Снег начал падать ещё в октябре и все думали, что это ненадолго, но он шёл и шёл, не переставая, до конца марта, и сугробы намело огромные. Дачи будто растаяли под его белой пеленой. Верхушки самых высоких заборов были едва видны, так что можно было запросто перешагнуть через них с улицы и заглянуть в любое окно, но дома пустовали и ничьих следов, кроме разве что заячьих, не было видно, да и те быстро заносило позёмкой. Леса, поля, болота - всё-всё скрылось из вида и казалось, весны уже не будет. Но сколь зима не лютовала, сражаясь упорно и яростно, наспех зализывая по ночам коркой льда чудовищные ожоги, однажды, как это всегда бывает, вся её армия внезапно дезертировала, и всё начало таять неудержимо и радостно, и воздух задрожал от влаги и птичьего гомона.
Большие и малые озёра слились с болотами, затопив лес и прибрежные луга, и стеклянная пелена свежей талой воды стёрла все грани. Облака плыли под днищем лодки вперемешку с мелким мусором, и солнце можно было зачерпнуть кружкой как дольку лимона и напиться с ним чаю. Лес был прозрачен и дышал той волшебной оживающей тишиной, полной таинства новой жизни и шелеста раскрывающихся почек.

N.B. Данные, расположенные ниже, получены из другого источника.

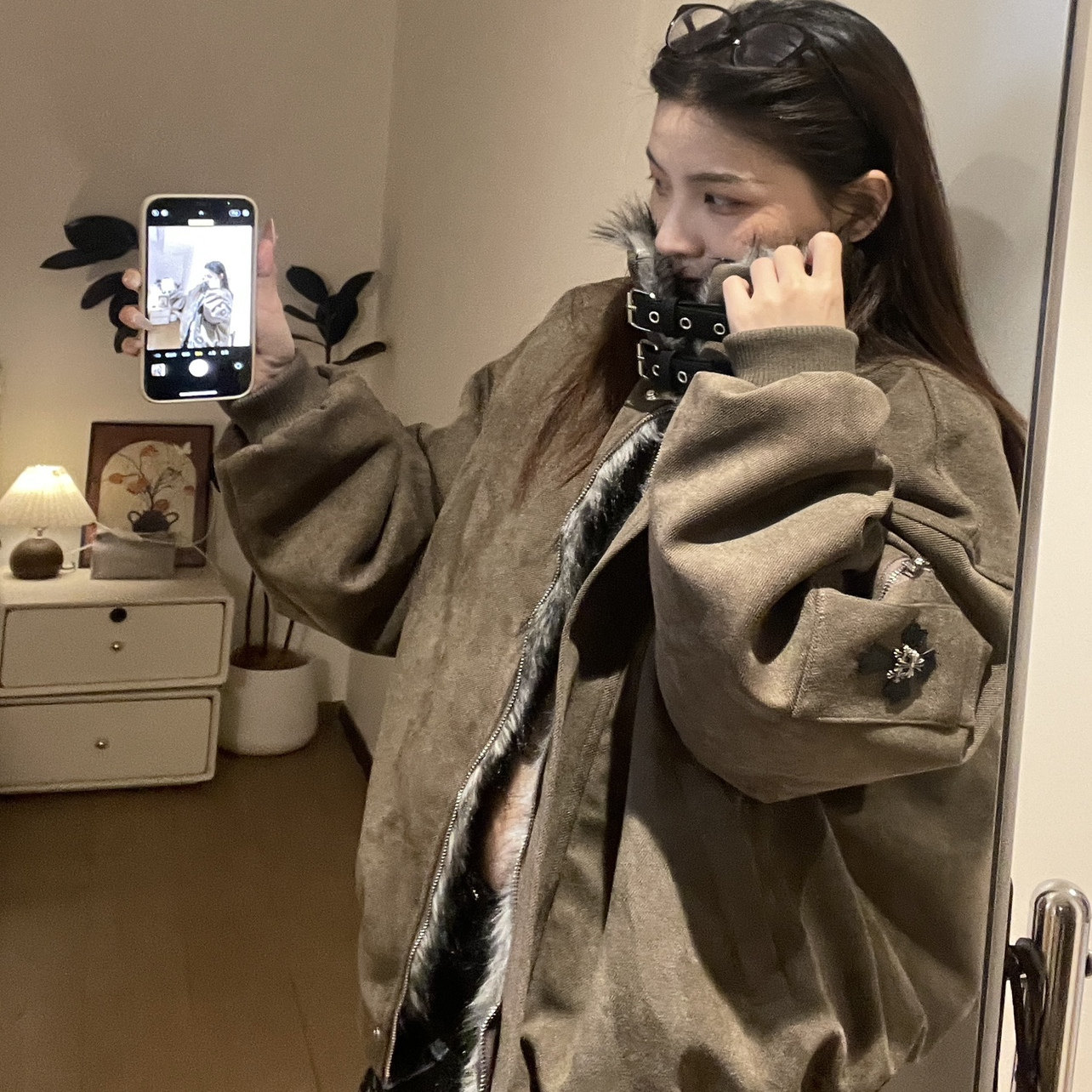 📚 美拉德美式复古棕色毛领座山雕棉服女冬季加厚高级感保暖夹克外套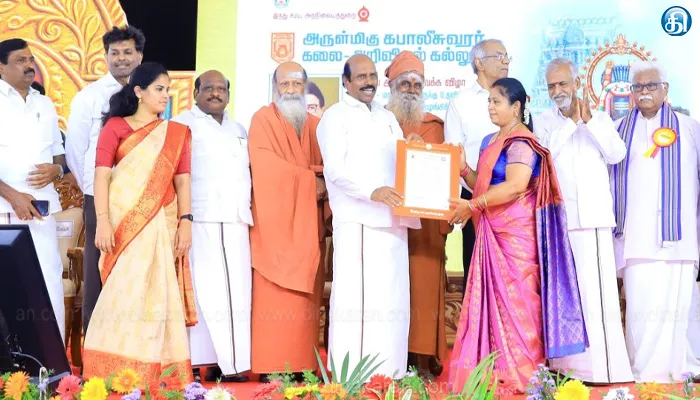 தமிழ்நாடு முதலமைச்சர் மு.க. ஸ்டாலின் சீர்மிகு வழிகாட்டுதலின்படி, பொதுப்பணிகள், நெடுஞ்சாலைகள் மற்றும் சிறுதுறைமுகங்கள் துறை அமைச்சர் எ.வ.வேலு இன்று (21.07.2025) சென்னை, கொளத்தூர், அருள்மிகு கபாலீசுவரர் கலை மற்றும் அறிவியல் கல்லூரியில் நடைபெற்ற ஐந்தாம் ஆண்டு தொடக்க விழாவில் அக்கல்லூரியில் பயிலும் 762 மாணவ, மாணவியருக்கு கல்விக் கட்டணம் ரூ.10,000/- மற்றும் கல்வி உபகரணங்களுடன் கூடிய புத்தகப் பைகளையும், அக்கல்லூரிக்கு புதிதாக தேர்வு செய்யப்பட்டுள்ள 11 உதவிப் பேராசிரியர்கள் மற்றும் ஒரு கண்காணிப்பாளருக்கு பணி நியமன ஆணைகளையும் வழங்கினார்.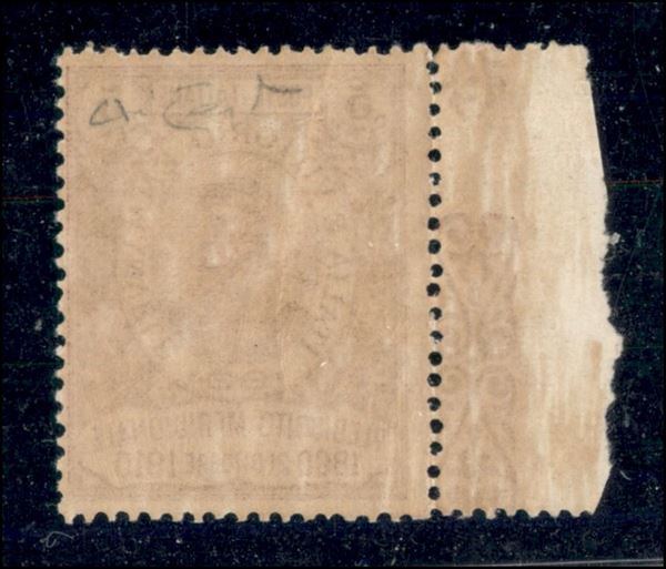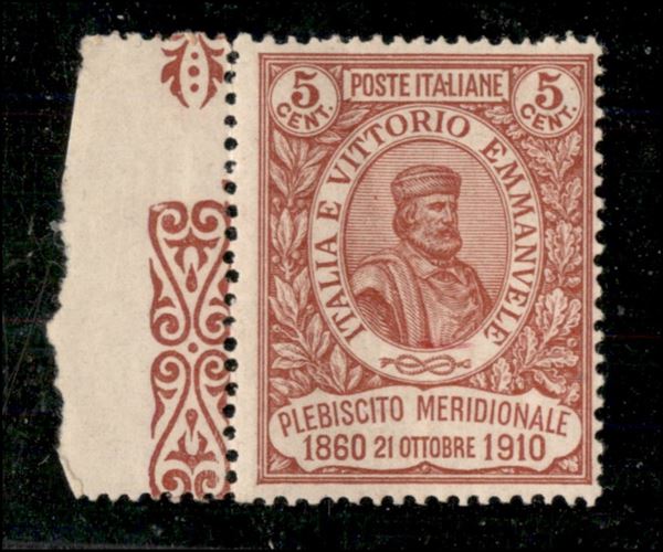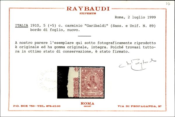 1910 - 5 cent carminio Garibaldi (89) bordo di foglio - gomma integra - cert. Raybaudi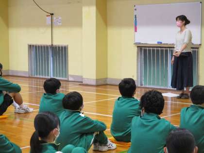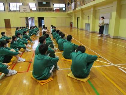 2年生が学活の時間に、体育館で、先生の話を聞いていました。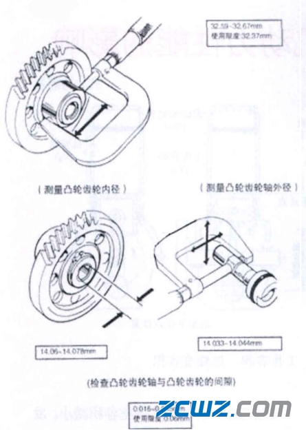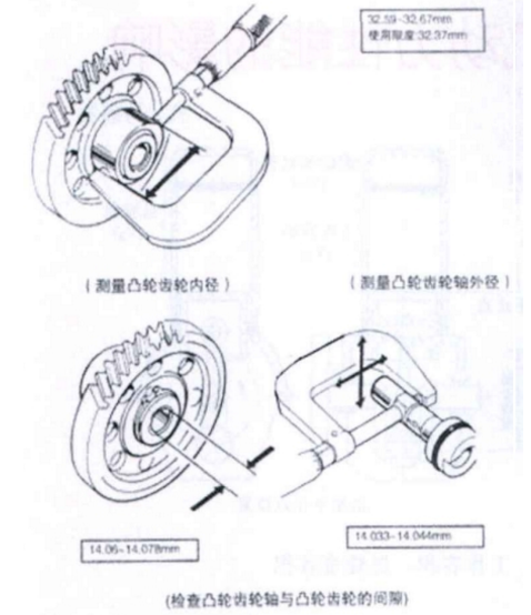 7、如是CG125款(挺桿機型),檢測凸輪升程高度和凸輪齒輪內(nèi)徑、凸輪齒輪軸外徑,對超過使用極限值的零件予以更換。

Все отражения были строги и прямы, словно ты скользил по огромному хрустальному дворцу, и я поминутно опускал вёсла, боясь вспугнуть это особое, гулкое брожение весны, отдающееся в самом сердце. Тот, второй, тоже замирал и улыбался чему-то, словно прислушиваясь к струящейся вокруг воде, а потом снова брался за вёсла и грёб медленно и размеренно.
Воздух был свеж и бархатист и ещё пах немного снегом и холодом, но запах земли уже витал в нём, будоража кровь и заставляя дышать полной грудью. Но странное дело, во всём этом очевидном и победоносном торжестве возрождения, полном искрящегося солнца и пения птиц, мне постоянно угадывался другой лик – лик смерти, но не отталкивающий и отвратительный, как его часто изображают люди ни разу его не видевшие, а другой, задумчивый и умиротворённый, похожий на усталое лицо матери, склонившейся над спящим ребёнком.
Мне всегда казалось, что всё невероятно прекрасное всегда несёт её след (так уж устроен этот мир), и эта тонкая печаль, похожая на неприметное увядание лепестка едва распустившейся розы, делает прекрасное ещё более притягательным и законченным. Смерть была такой же частью жизни, как мои пальцы были частью моей руки, а она, частью всего моего тела. Это было столь очевидно и просто, что я невольно улыбнулся.
Тот, другой, словно читая мои мысли, тоже растянул рот в улыбке, и его лицо задрожало в воде. Мы оба плавно скользили в перевёрнутом мире, и чёрно-белая колоннада берёз в хрустальном паркете воды кружила мне голову. Я плыл, не зная где верх, а где низ, и благоговейный страх наполнял моё сердце с каждым взмахом вёсел, несущих меня, словно птицу, по бледному небу. Любой звук тонул во влажной тишине, и эхо было необычным и пугающим, словно и вправду кто-то невидимый повторял за тобой все звуки, как тот, второй, повторял все мои движения, стараясь не выдать себя неосторожным жестом. Я плыл всё дальше, пользуясь апрельским половодьем как мостом, позволяющим мне достигнуть мест, недоступных после. Всего несколько дней в году я мог наслаждаться такой возможностью, и этот год был особенным. Я чувствовал это. Такой высокой воды не было ровно 20 лет, и я мог не спешить, точно зная, что достигну места. Того самого места, где я когда-то давно познал тайну рождения смерти.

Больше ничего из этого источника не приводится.